6. Chinatown (1974) – Nothing is more American than film noir, and the genre never worked better than it does in Roman Polanski’s 1974 homage starring Jack Nicholson. Filled with seedy politicians, corrupt policemen and neurotic women this gothic tale about a private detective in California forces audiences to confront institutionalized injustice and ultimately accept our own powerlessness to remake every corner of the world. The last line of the film, which might be the best coda ever penned for the screen, says it all: “Forget it, Jake. It’s Chinatown.”

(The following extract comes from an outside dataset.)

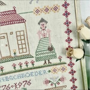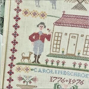 Vintage Bicentennial Cross Stitch Needlepoint Sampler Women’s Day Framed Glass
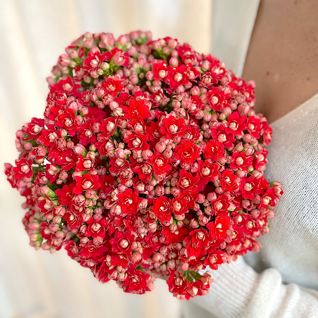 Vores smukke luksusbuket Velvet Red består af 12 stilke kalanchoe i farven rød. Den er håndbundet, så du kan sætte den direkte i vasen derhjemme. Vi garanterer, at den her vil blomstre smukt i mindst 3 uger. Blomsternes farvenuancer kan variere en smule i forhold til billedet.

7. Dr. Strangelove (1964) – Difficult to pick just one from Kubrick’s many great works, but this film is satire incarnated and it seems to grow better with age. Indeed, as the Cold War fades from modern memory, one can easily imagine a scenario where this film comes to stand as a kind of documentary – albeit one with a great deal of hyperbole – representing many of the attitudes born from that complex conflict. A virtuoso performance from Peter Sellers, who plays multiple roles, and a script infused with the kind of crass intelligence that coughs up endless one-liners, such as “Gentlemen, there’s no fighting in the war room,” ensures this picture’s Olympian status.
8. From Here to Eternity (1953) – Long before the hardheaded contrarians in Coolhand Luke or Rebel Without a Cause, there was Private Robert E. Lee Prewitt in From Here to Eternity. Prewitt’s inability to be broken by an institution he loves – the U.S. Army – is an aggressive examination of individualism and personality. Each of the soldier’s flirtations with depravity is sharpened by the audience’s awareness that the film is ticking down to the Japanese attack on Pearl Harbor. These are the men and women who would become the Greatest Generation and in the film we learn about their strong sense of self, their categorical dismissal of weakness and pedantry.

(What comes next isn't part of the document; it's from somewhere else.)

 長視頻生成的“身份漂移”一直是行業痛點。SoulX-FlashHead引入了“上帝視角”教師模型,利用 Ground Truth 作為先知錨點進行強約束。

9. Once Upon a Time in the West (1968) – Selected just ahead of Leone’s other masterpiece, The Good, the Bad and the Ugly, as the best exemplar of the American Western. Why? Manifest Destiny, the cruelty and injustice of the West, the rugged individualism it inspired, the complex code of the survivors who journeyed there for a fresh start, the notion that to achieve the moral end, a person may have to do some immoral things along the way – it is all here, in this often overlooked film. So, too, is a great performance by Henry Fonda.

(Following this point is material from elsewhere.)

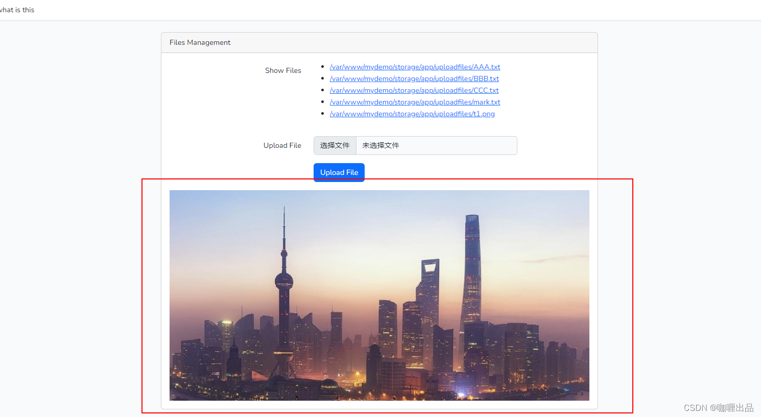 最后我们在 filemanagement.blade.php 的视图文件添加一个超链接来调用这个名为 ShowFile 的路由,如下图:

10. The Graduate (1967) – No other film captures the pivot between the America of the 1950s and the America that emerges from the crucible of the 1960s as well as The Graduate. The story of Benjamin Braddock’s inability to orient himself within the environment created by his parents is not just another retelling of a timeless crisis faced by all adolescents, but a powerful metaphor for a country that was clearly restless about its future. Braddock’s sordid journey through the boozy, adulterous world of Mrs. Robinson ends with a frantic escape – undertaken with Mrs. R’s daughter – from the limited possibilities setup by the previous generation. Or does it? The final expression on Ben and Elaine’s faces is one of the most enigmatic in film. Are they happy? Sad? Relieved? Or simply resigned to eventually recreating the kind of world they just escaped from?